Dulu di kelas X aku harus jadi saksi bagaimana mereka malu-malu baru mengenal, lalu saling memendam rasa, sampai akhirnya Andika menyatakan cinta menjelang kenaikan kelas XI. Dan ternyata mereka sekelas, yang tentu saja disambut gembira oleh mereka (dan senyum kecut dariku).
Lalu aku harus menjadi saksi betapa menggelikannya sepasang anak SMA dimabuk asmara yang merasa dunia ini hanya milik mereka. Aku sih hanya ngontrak di sekitaran mereka. Oke, aku tolerir saja karena mereka tampaknya merasa tidak enak menjadikanku 'obat nyamuk' di saat kerja kelompok (padahal tidak juga sih, kan memang kami sekelompok dan aku tidak punya pilihan lain) sehingga aku sering kecipratan sebungkus cuanki atau roti goreng cokelat.
Sampai akhirnya mereka putus, tidak ada lagi status pacaran, di ujung kenaikan kelas XII tiga bulan lalu. Mungkin merekapun berpikir tidak akan sekelas lagi, sama halnya denganku yang juga berharap tidak sekelas dengan salah seorangpun dari mereka.
Mereka canggung? Hello? Bayangkan bagaimana perasaanku? Aku mungkin bisa menuliskan kisah perjalanan cinta mereka sejak Masa Orientasi Siswa dulu sampai sekarang ini dengan cukup detail.
"Maaf ya, Ta," ucap Andini lagi, lirih, saat melihat perubahan mukaku yang kesal.
"Ya udah," tukasku.
"Aku janji deh, next time nggak bakal gini lagi. Aku cuma butuh waktu."
Aku menghela napas. "Oke, nggak apa-apa. Makasih materinya, Din."
#
Pram, alias Andika, kurasa orang yang aneh. Ya, namanya memang Andika, tapi panggilannya Pram. Ini juga yang membuatku kesal setengah mati. Kenapa namanya harus Andika Pramoedya dan bukannya Pramoedya Andika aja, sih? Aneh, kan?
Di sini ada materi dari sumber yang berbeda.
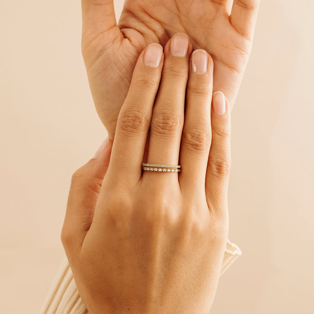Celebrate elegance and modern design with the 14K Solid Gold Natural Double Diamond Band from The Karat Store. This beautifully crafted ring features two delicate bands, each measuring 1.3 mm, joined together to create a stunning 3 mm wide band that exudes sophistication and charm. Crafted from premium 14K solid gold, available in White, Rose, and Yellow Gold, this ring is the perfect blend of style and craftsmanship.
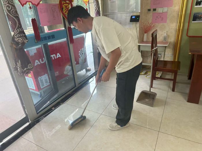 实践团成员走进“如康家园”,助力残障人士营造洁净空间,成员手持扫帚,专注清洁地面,从角落灰尘到零散杂物,细节清理每一处。这不仅是一次卫生清扫,更是用行动传递关怀。让残障朋友在整洁环境中感受社会温暖。
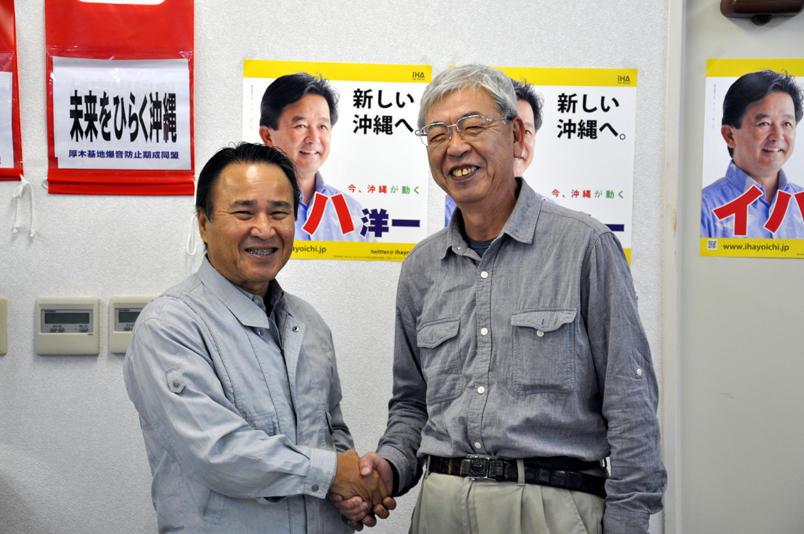 こうした中、東京平和運動センター事務局長の関久さんが、1週間の日程で沖縄入りしました。山城さんと、がっちり握手です。
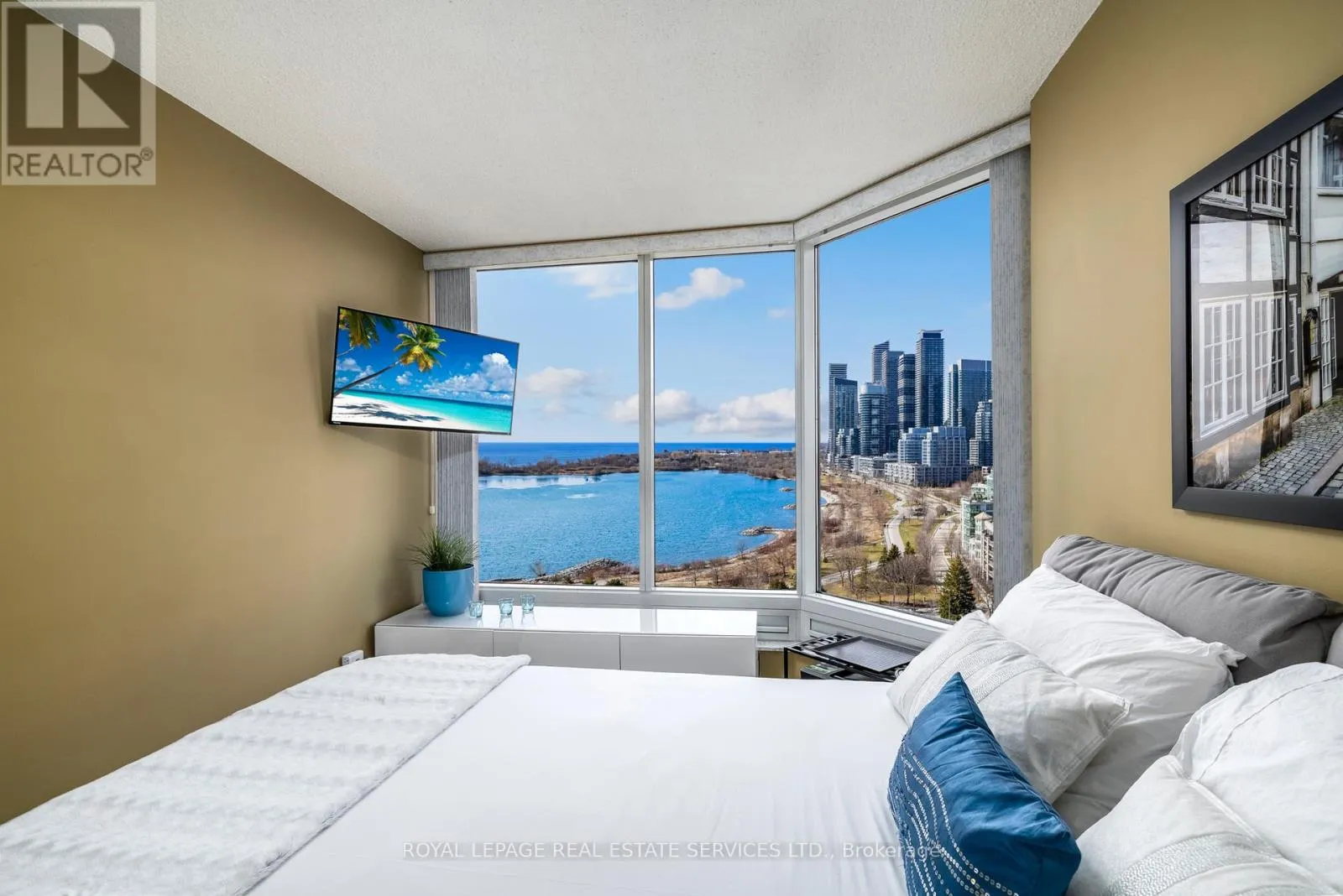Cross Streets: Palace Pier/Lake Shore. ** Directions: Lake Shore/Palace Pier. Suite 1609 is a modern, flow-through condominium residence, with 1,388 square feet of refined living space, 2-bedrooms, 2 full bathrooms, and infinite water views and tranquil lake vistas. This trophy suite offers a rare blend of space, serenity, and sophistication in the sky. Palace Place is Toronto's most luxurious waterfront condominium residence.

Tapi bukan itu yang membuatnya aneh. Salah satu keanehan laki-laki ini adalah dia...
"Dini nggak dateng?" .....nggak suka basa-basi. Nggak ada sapaan. Nggak ada tanya kabar. Pokoknya langsung tembak, selesai.
Aku menggeleng, memperlihatkan flashdisk pink milik Andini. Dia mengangguk, seolah mengerti tanpa harus kujelaskan.
"Oke. Aku juga udah kumpulin materinya. Kita bisa selesaikan ini kurang dari sejam."
Kami lalu disibukkan dengan membaca materi, mendiskusikannya alakadarnya, lalu merangkumnya. Aku mengetik, dia segera membuat desain presentasi dan menyalinnya. Aku melirik smartwatch-ku. 48 menit. Gila memang. Meski udah putus, dua otak si ranking 1 dan 2 ini memang tidak perlu diragukan. Aku yang penunggu setia 10 besar terakhir hanya bisa kagum sekaligus iri.
"Udah mau balik, Pram?" tanyaku, melihat dia membereskan laptop dan buku yang dibawanya, lalu menyesap jus jeruk yang tadi dipesannya.
"Ada yang kurang?" tanya Pram. Aku mendesah pelan. Lalu menggeleng.
"Nggak ada, kok. Tinggal print aja. Kalau ada yang mau kamu edit, tolong aku dikabari ya, biar nanti printout-nya aku berikan Andini," ujarku. Pram hanya mengangguk.
"Aku duluan ya, Ta!" lalu dia menghilang di balik pintu kafe.
Aku menatap kursi di hadapanku yang kosong. 48 menit hanya berdua dengan Pram, semuanya digunakan untuk menuntaskan tugas sekolah kami, tidak ada ramah tamah ataupun pertanyaan di luar topik tujuan pertemuan. Ini kali ketiga aku hanya berduaan dengan Pram. Pertama kali dulu saat Masa Orientasi Siswa, Andini datang terlambat sehingga kami duduk hanya berdua. Kali kedua saat tugas kelompok Bahasa Indonesia, hari itu Andini sakit. Ini adalah kali ketiga.
Aku meringis sebal, ingin menertawakan kebodohanku sendiri. Untuk apa aku kalut memilih baju apa yang akan kupakai hampir sejam untuk bertemu Pram kalau dia saja tidak pernah menoleh dan melihatku?
Aku benci jadi pihak ketiga. Lebih benci lagi karena aku sadar aku tidak punya kesempatan untuk menggantikan Andini sedikitpun.